Old Delta Plus XL being fixed-again 2021

 

 

            I leaped to a professorship at UC Merced. There I really learned about work-life balance. Professors are only paid for 9 out of the 12 months they work. And, there is no sick leave or vacation time off. Your time is open ended, usually filled with meetings and reports and preparing lectures. One day rolls into the next. Deep breaths happen only at the end of a semester after grades are posted. Then the rat race starts again. At UC Merced as Chair, 40% of my time was handling problems—often ones that should have just been fixed. Ugh. I quit, this time spurred on by the diagnosis of a terminal illness in 2016.

             Retirement from UC Riverside followed in 2020, but I kept up a half-time schedule working on papers, projects, and online teaching. My frolleague Doug Rumble retired about the same time as me. We keep in touch, and he had the joy of spending a week recently at UCLA with Ed Young’s big mass spec, Panorama. The sound of whirring vacuum pumps, the faint smell of chemicals, and the officious nature of an isotope lab is hard to get out of your system. But for the most part, the life of retired geoscientist Doug Rumble is filled with hiking in Arizona’s wild lands.

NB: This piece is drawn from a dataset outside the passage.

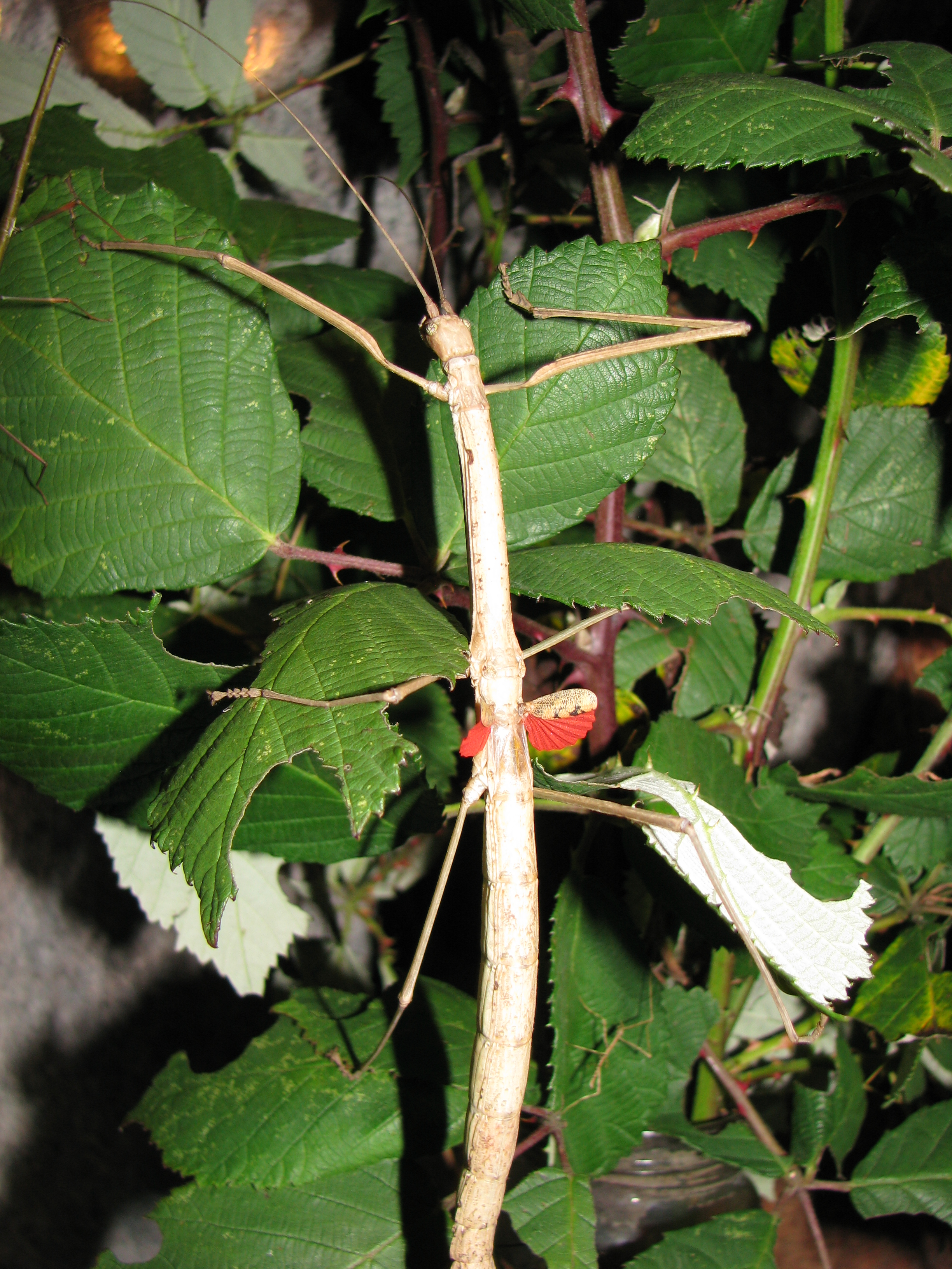 with open wings threaten female of Khao Stick Insect (Phaenopharos khaoyaiensis)

            Isolation and working from home has taken its toll on many, but time marches on. So many ups and downs—opening and then closing. Working on a difficult analytical and writing project this year, a colleague who served as the postdoc advisor for one of our “project team members” quit the team and wanted to no longer be a coauthor on the manuscript we’d been working on for over a year. Maybe he felt overwhelmed by having school-aged children at home; maybe the uncertain, complex nature of the project interfered with a desire to regain control over life. I’ll probably never know the real reason, but I do know that quitting on the job of postdoctoral mentoring is something that shouldn’t be done without a darn good reason.

            COVID not withstanding, it’s been a good year for me. I’m ready to take the next step down. It is a relief not to worry about teaching, getting things going again. I feel OK, but writing about the change helps me work through my feelings. Because I have had to give up so much owing to my illness, I don’t have ready activities to take the place of research. I will need to be more creative on figuring out what to do with my time. Ideas are welcomed.